*** Opening of The records ***

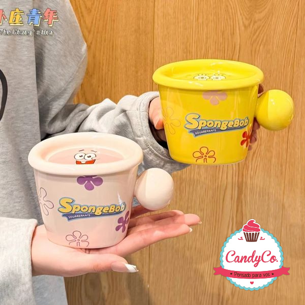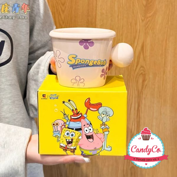 Taza de Cerámica con Diseño de Bob Esponja, Patricio, con Tapa y Manija Redonda
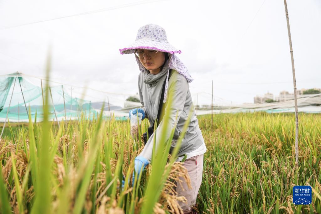 青島海水稻研究發展中心的工作人員在三亞南繁科研育種基地里收集水稻種子(3月31日攝)。新華社記者 張麗蕓 攝
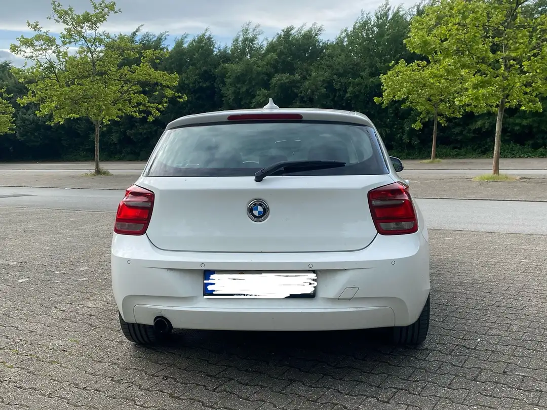Zum Verkauf steht ein gepflegter BMW 114i aus dritter Hand, Baujahr 2014, in klassischem Weiß mit umfangreicher Ausstattung und zuverlässiger Technik.
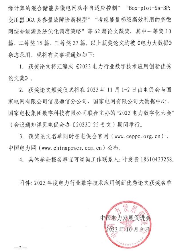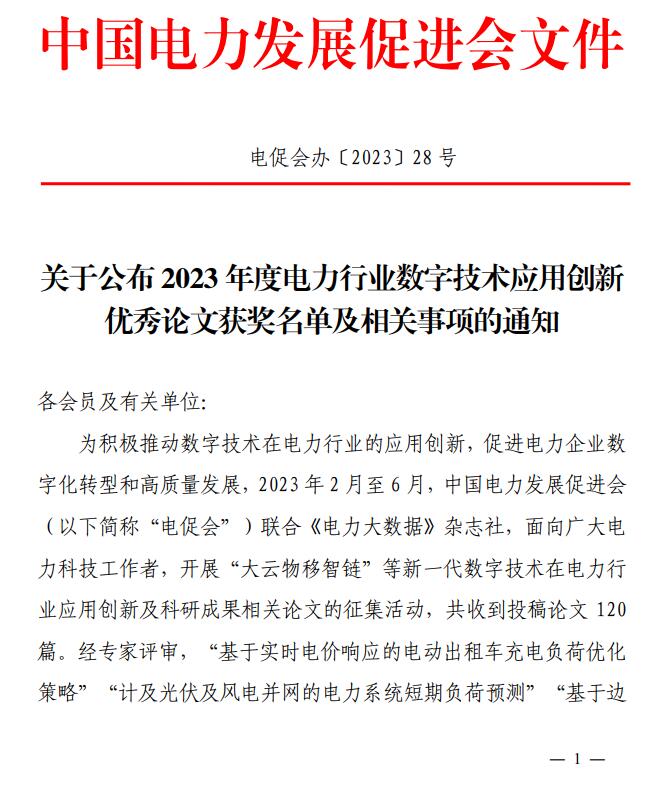 關(guān)于公布2023年度電力行業(yè)數(shù)字技術(shù)應(yīng)用創(chuàng)新優(yōu)秀論文獲獎名單及相關(guān)事項(xiàng)的通知
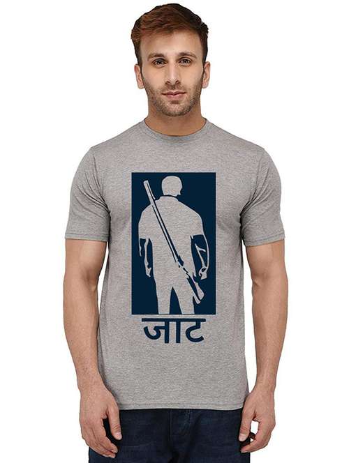 men round neck front print cotton t-shirt
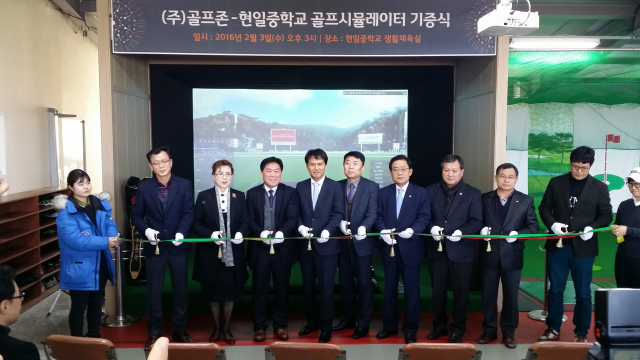 ㈜골프존(대표이사 장성원)이 3일 현일중학교(교장 장상용)에 학교체육 활성화를 위해 골프시뮬레이터를 기증했다.
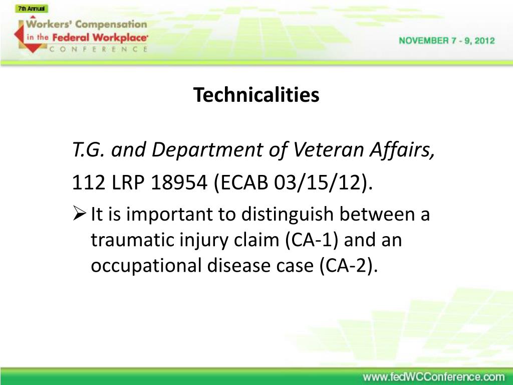 Technicalities T.G. and Department of Veteran Affairs, 112 LRP 18954 (ECAB 03/15/12). • It is important to distinguish between a traumatic injury claim (CA-1) and an occupational disease case (CA-2).
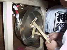 The kane (鉦) is often found in traditional Japanese music or min'yō. Although sometimes suspended from a bar, it is more common for a musician to hold the bell in place with one hand beat it with the other using a special mallet, often made from bone.[1] The kane makes three distinct sounds: chon - hitting the middle; chi - hitting the inside edge; and ki - reversing the stroke. This kind of onomatopoeic mnemonic or shouga is common in Japanese music.[1] There are several sizes of kane, such as the atarigane or the surigane.
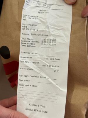 - Ориентировочное время доставки - 45-90 мин. При большом количестве заказов время ожидания доставки может увеличиваться
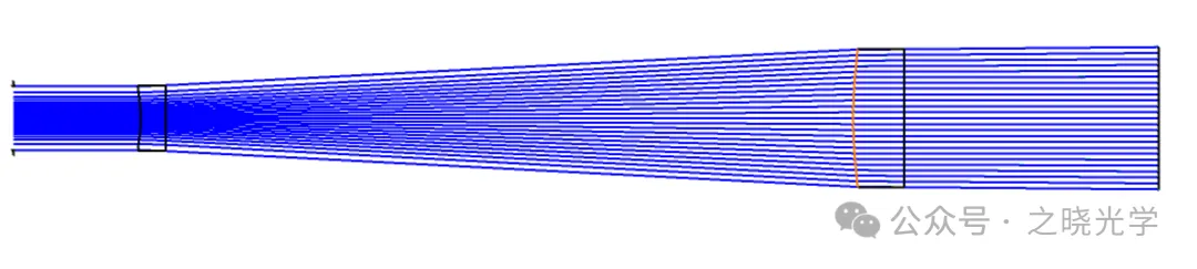 我还是拿之前演示过的一个激光整形系统为例,光学系统图如下,该系统入射出射均为平行光,同时起到扩束和整形的作用。一般成像系统看的点列图、MTF曲线和波前都难以直接反映能量分布情况,那么这个时候我们如何定量地分析整形效果呢?
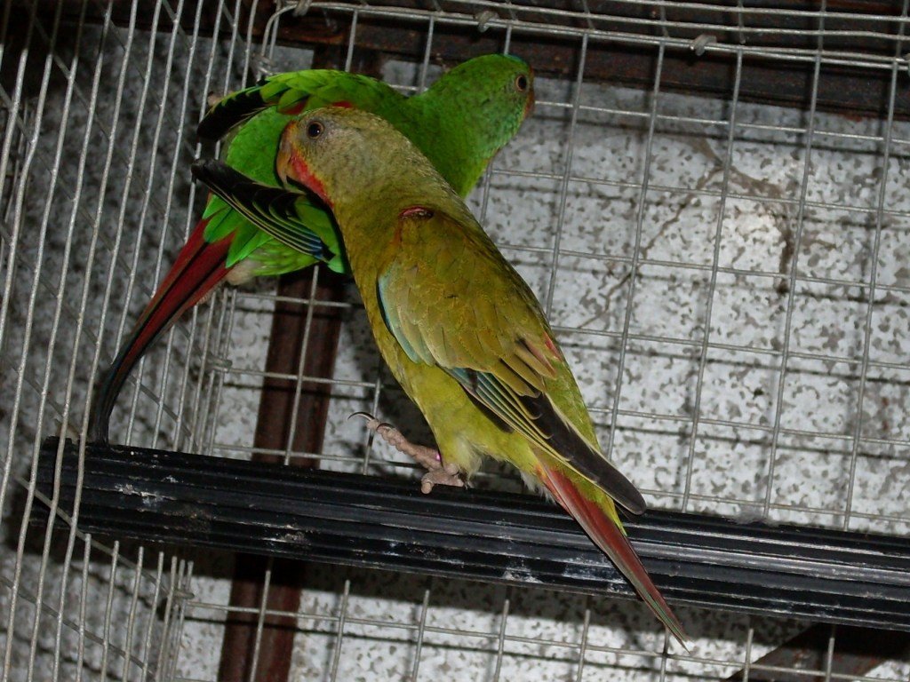 Voliéra pro společný chov má následující rozměry: vnitřním temperovaný prostor 2,5 x 1,5 x 2 m a venkovním výletem 3 x 1,5 x 2 m. V této voliéře jsme měli 3 páry latamů, 3 páry korel, a následující rok také 1 pár pyrurů modravých a 1 pár papoušíčků šedokřídlých. Budky byly umístěné po stěnách jak v záletové části, tak během letní sezóny ve výletech. Bylo jich více než chovaných párů, různých velikostí a tvarů latamové obvykle obsazovaly budky ležaté, rozdělené uvnitř mezistěnou, a také budky poměrně malé vysoké, dříve používané pro neofémy.
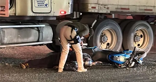 Un motociclista resulta lesionado al impactar con tráiler en Avenida Industrias y el Eje 116 en la Zona Industrial. Los hechos se suscitaron antes de las 23:00 horas del día miércoles.
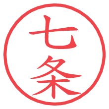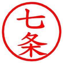 [朱肉の色]を選び、入力窓に“七条”と入力して[生成]ボタンを押すと、印影が更新され、リンクから電子印鑑(デジタル印影)がダウンロードできます。 電子印鑑「七条」の作り方文字表示が変なときや、文字バランスが悪いときは[字形切替]のチェックボックスでON/OFFを切り替え[生成]しなおしてください。 生成される画像は通常の印影「七条.png」と、にじみを表現した少し太めの印影「七条B.png」の背面透過PNG形式2種と、鮮明なPDF形式の印影「七条.pdf」の計3種類です。 朱肉の微妙な色の違いを7色で表現しました。デフォルト(左端)は、JISが定めた朱肉の色のマンセル値(7.5R 5/14)をRGB値(217,66,54)に変換したものになっています。 「電子透かし」にチェックを入れて[生成]ボタンを押すと、タイムスタンプを電子透かしとして埋め込んだセキュアな電子印鑑が作れます。詳細は別ページの「タイムスタンプと電子透かし」でご覧ください。 七条さんの日付印が作れます。「日付スタンプメーカー」は、社内向けの書類に利用されることの多い日付印(データ印)が無料で作れるWebアプリケーションです。中段に日付が入り、上段と下段は、ともに8文字まで文字が入ります。 ![]() 古代文字で落款印が作れます。「落款スタンプメーカー」で作品を引き立たせる落款印が作れます。
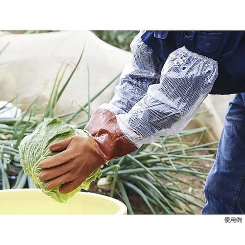 特殊溶着加工で手袋部分と腕カバーを溶着して一体化しているため、水が入らず、汚れ・水を伴う作業に適しています。塩化ビニール製のため、天然ゴムの手袋に比べて油に強い手袋です。裏布に13ゲージの編手を使用し |
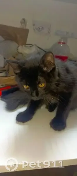 Черный котёнок на вид месяцев 4-5, на грудке...
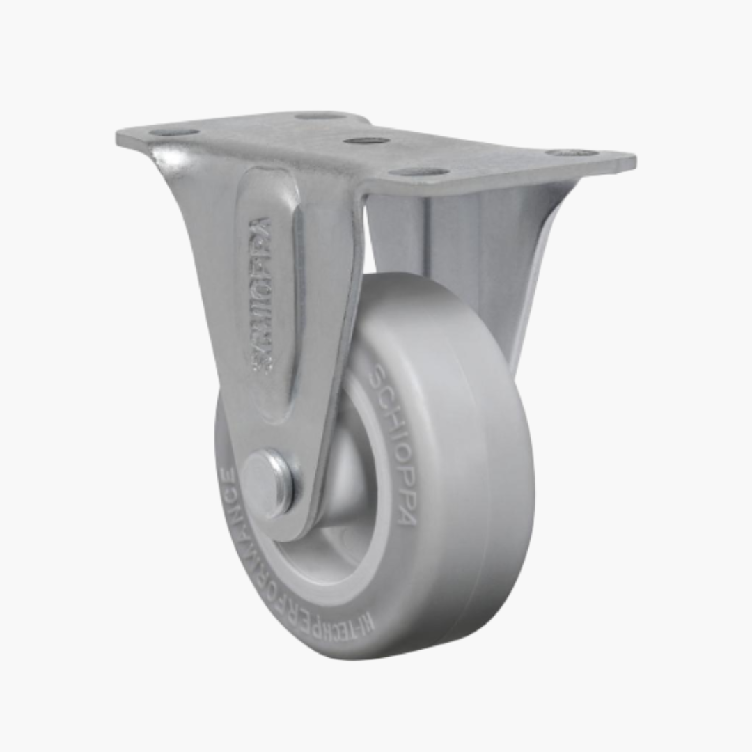 Roda SP: Borracha Termoplástica Extra Macia. Dureza: 65 Shore A. (-10ºC a +50ºC). Rodas injetadas com revestimento em borracha termoplástica extra macia e núcleo em polipropileno copolímero recicláveis. Suas vantagens são o baixíssimo nível de ruído no deslocamento e a redução de vibrações. Indicadas para movimentações de cargas leves, proporcionam excelente proteção ao piso, resistência regular a impactos e boa resistência a meios químicos. A velocidade de trabalho indicada é até 4km/h.

*** Close of The records ***

▸ **What to produce**: Reproduce only the lines from the first line of the listing above up to and including the line that holds "Zum Verkauf steht". Omit the pictures.

▸ **Result**:
 Taza de Cerámica con Diseño de Bob Esponja, Patricio, con Tapa y Manija Redonda
 青島海水稻研究發展中心的工作人員在三亞南繁科研育種基地里收集水稻種子(3月31日攝)。新華社記者 張麗蕓 攝
Zum Verkauf steht ein gepflegter BMW 114i aus dritter Hand, Baujahr 2014, in klassischem Weiß mit umfangreicher Ausstattung und zuverlässiger Technik.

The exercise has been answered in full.